Fig 4 — Suppression of NFAT5 activity by TAZ. (A) 293T cells were transfected with NFAT5 and different amounts of TAZ expression vector together with pTonE-luc. pCMVβgal was used as a control. NFAT5 and TAZ expression was determined by immunoblot analysis. Relative luciferase activity was calculated after normalization to β-galactosidase activity. (B) 293T cells were transfected with NFAT5 and TAZ (WT or Y316F) expression vectors together with pTonE-luc and pCMVβgal. Reporter activity was calculated from 3 independent experiments and expressed as the mean. (C) NFAT5 was overexpressed in 293T cells together with WT or Y316F TAZ. Whole-cell extracts were incubated with biotinylated double-stranded DNA containing the NFAT5/TonEBP-binding element for 1 h and subsequently incubated with streptavidin-agarose beads for an additional 2 h, followed by SDS-PAGE and immunoblotting. DNA-binding complexes were analyzed with NFAT5 and TAZ Abs. (D) mIMCD-3 or stable mIMCD-3 cells (mock [con], TAZ, and Y316F TAZ) were stimulated with either 150 or 400 mosmol/kg for 4 h. Whole-cell extracts were immunoprecipitated with NFAT5 Ab, and chromatin was analyzed by a PCR using specific primers for the NFAT5-binding element within the SMIT gene promoter. (E) mIMCD-3 cells (shcon and shTAZ) were cultured under 400 mosmol/kg and harvested for ChIP and real-time PCR. (F) WT and KO MEF cells were stimulated with 400 mosmol/kg for 4 h, and cells were analyzed by ChIP and quantitative PCR. *, P < 0.05; **, P < 0.005; ***, P < 0.0005.

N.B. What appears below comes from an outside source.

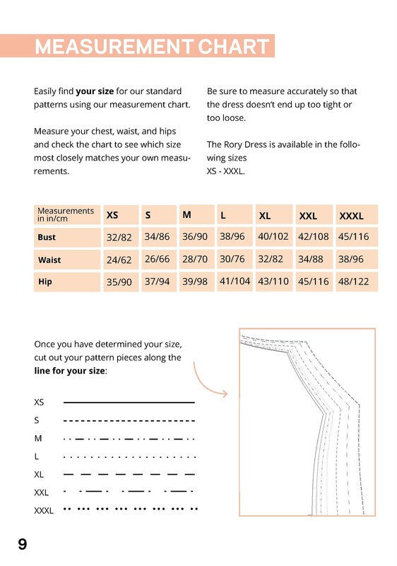 • Schnittmuster für das Kleid in den Größen XS-XXXL inkl. aller Nahtzugaben als PDF in A4 zum Download

Expression of BGT1 and SMIT is negatively regulated by TAZ expression.

Since TAZ suppressed the DNA-binding and transcriptional activities of NFAT5, we investigated the effects of TAZ overexpression on the expression of endogenous NFAT5 target genes, such as the BGT1 and SMIT genes. The TAZ protein level was increased in stable TAZ cells compared to control mIMCD-3 cells, whereas NFAT5 expression was comparable between control and stable TAZ cells and unchanged by tonicity challenges (Fig. 5A). Interestingly, the relative expression of BGT1 and SMIT was drastically increased by hyperosmotic stimulation in control cells, but this increase was significantly attenuated by the overexpression of TAZ (Fig. 5B). Conversely, we measured the levels of BGT1 and SMIT in TAZ knockdown cells (shTAZ cells) (Fig. 5C). Hyperosmotic stress consistently increased the expression of BGT1 and SMIT in control (shcon) cells. However, the levels of BGT1 and SMIT were substantially elevated by reductions in TAZ expression under both normal and hyperosmolar conditions (Fig. 5D). These results suggest that the TAZ expression level may be important for fine-tuning NFAT5 activity induced by hyperosmotic stimulation.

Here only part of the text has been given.